BEGIN Data

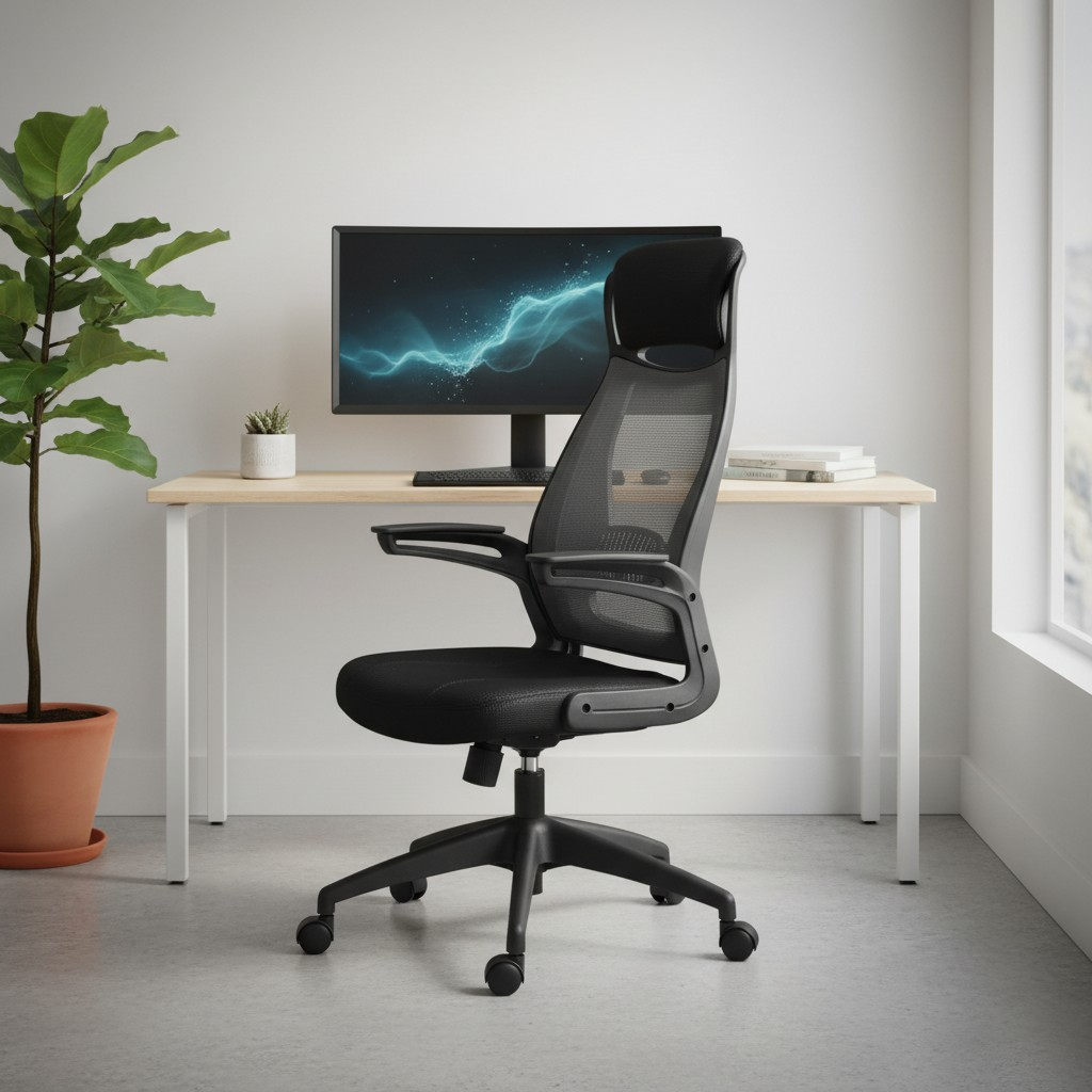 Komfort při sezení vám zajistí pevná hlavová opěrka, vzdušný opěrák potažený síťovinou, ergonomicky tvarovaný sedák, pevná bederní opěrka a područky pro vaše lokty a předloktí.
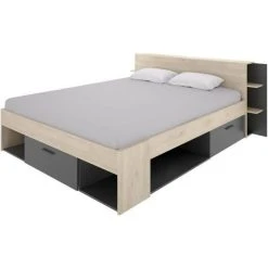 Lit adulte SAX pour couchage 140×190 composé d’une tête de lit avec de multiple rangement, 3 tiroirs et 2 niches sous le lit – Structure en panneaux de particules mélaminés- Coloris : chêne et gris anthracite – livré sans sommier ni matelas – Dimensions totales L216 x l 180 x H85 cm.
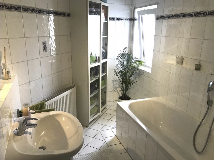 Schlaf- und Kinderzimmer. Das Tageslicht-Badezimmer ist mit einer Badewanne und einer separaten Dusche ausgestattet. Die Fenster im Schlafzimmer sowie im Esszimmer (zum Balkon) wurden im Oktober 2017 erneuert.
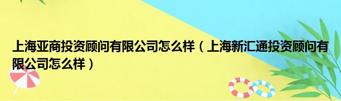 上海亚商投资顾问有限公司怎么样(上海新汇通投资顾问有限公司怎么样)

END Data

Required work »
Copy the listing word for word, excluding its pictures.

Result of this task »
 Komfort při sezení vám zajistí pevná hlavová opěrka, vzdušný opěrák potažený síťovinou, ergonomicky tvarovaný sedák, pevná bederní opěrka a područky pro vaše lokty a předloktí.
 Lit adulte SAX pour couchage 140×190 composé d’une tête de lit avec de multiple rangement, 3 tiroirs et 2 niches sous le lit – Structure en panneaux de particules mélaminés- Coloris : chêne et gris anthracite – livré sans sommier ni matelas – Dimensions totales L216 x l 180 x H85 cm.
 Schlaf- und Kinderzimmer. Das Tageslicht-Badezimmer ist mit einer Badewanne und einer separaten Dusche ausgestattet. Die Fenster im Schlafzimmer sowie im Esszimmer (zum Balkon) wurden im Oktober 2017 erneuert.
 上海亚商投资顾问有限公司怎么样(上海新汇通投资顾问有限公司怎么样)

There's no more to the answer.